RECORDS TO USE:
------------------------------------------------

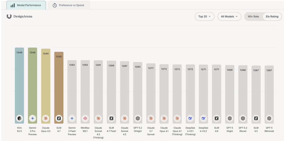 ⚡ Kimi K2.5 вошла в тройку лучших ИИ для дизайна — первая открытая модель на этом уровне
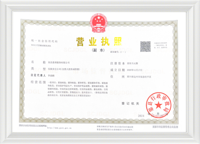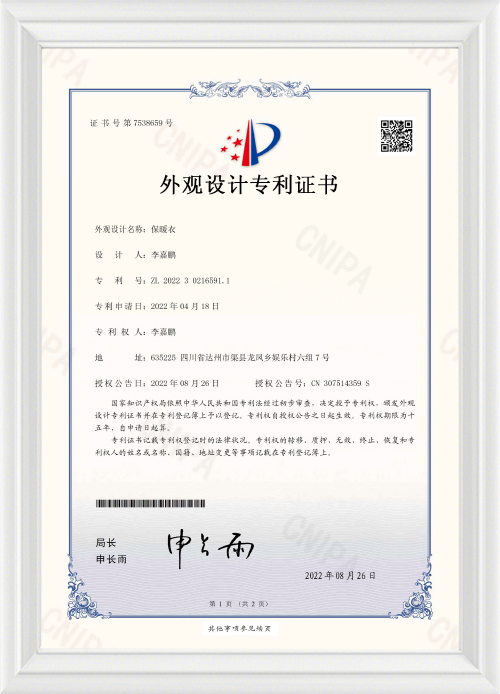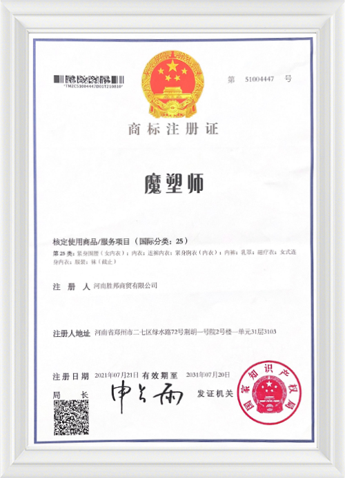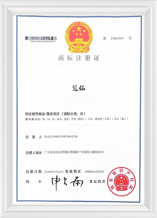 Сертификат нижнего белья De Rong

------------------------------------------------

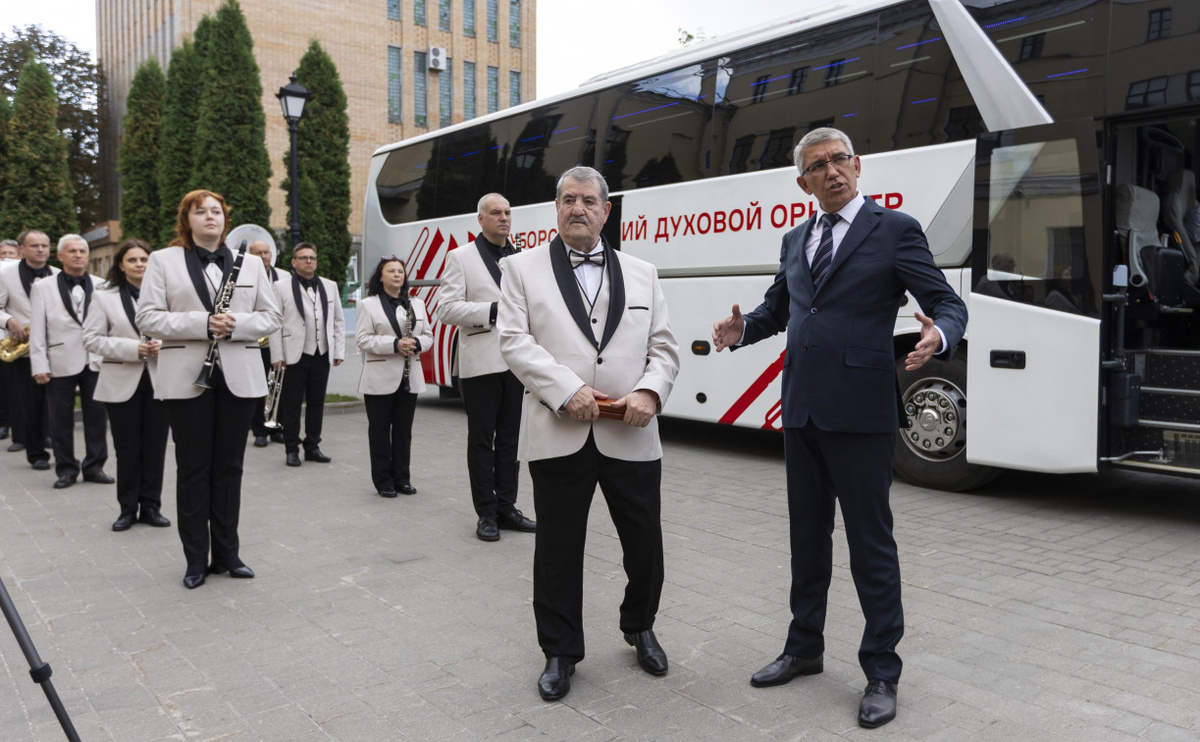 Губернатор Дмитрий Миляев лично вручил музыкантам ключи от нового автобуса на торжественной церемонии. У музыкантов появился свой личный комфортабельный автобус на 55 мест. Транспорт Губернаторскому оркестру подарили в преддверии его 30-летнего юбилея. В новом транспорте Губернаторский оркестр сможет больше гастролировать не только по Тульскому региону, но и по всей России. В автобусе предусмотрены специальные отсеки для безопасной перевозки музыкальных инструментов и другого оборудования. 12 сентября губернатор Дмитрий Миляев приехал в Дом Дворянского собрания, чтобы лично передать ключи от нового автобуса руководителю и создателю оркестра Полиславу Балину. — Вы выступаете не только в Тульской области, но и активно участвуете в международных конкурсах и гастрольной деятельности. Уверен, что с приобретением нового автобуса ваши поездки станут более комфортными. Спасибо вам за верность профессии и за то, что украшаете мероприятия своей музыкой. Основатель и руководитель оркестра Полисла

------------------------------------------------

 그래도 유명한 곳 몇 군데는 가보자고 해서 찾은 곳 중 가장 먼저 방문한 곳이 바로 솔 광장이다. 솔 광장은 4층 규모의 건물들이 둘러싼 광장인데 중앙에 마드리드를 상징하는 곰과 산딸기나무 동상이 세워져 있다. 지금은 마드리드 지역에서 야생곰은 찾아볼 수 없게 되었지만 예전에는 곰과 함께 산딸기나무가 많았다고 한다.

------------------------------------------------

PROBLEM STATEMENT: Leaving out all pictures, set down exactly the lines of the material above, from the line with "на этом уровне" to the line with "Сертификат нижнего белья De Rong" inclusive, and no others.

THE COMPLETED TASK:
 ⚡ Kimi K2.5 вошла в тройку лучших ИИ для дизайна — первая открытая модель на этом уровне
 Сертификат нижнего белья De Rong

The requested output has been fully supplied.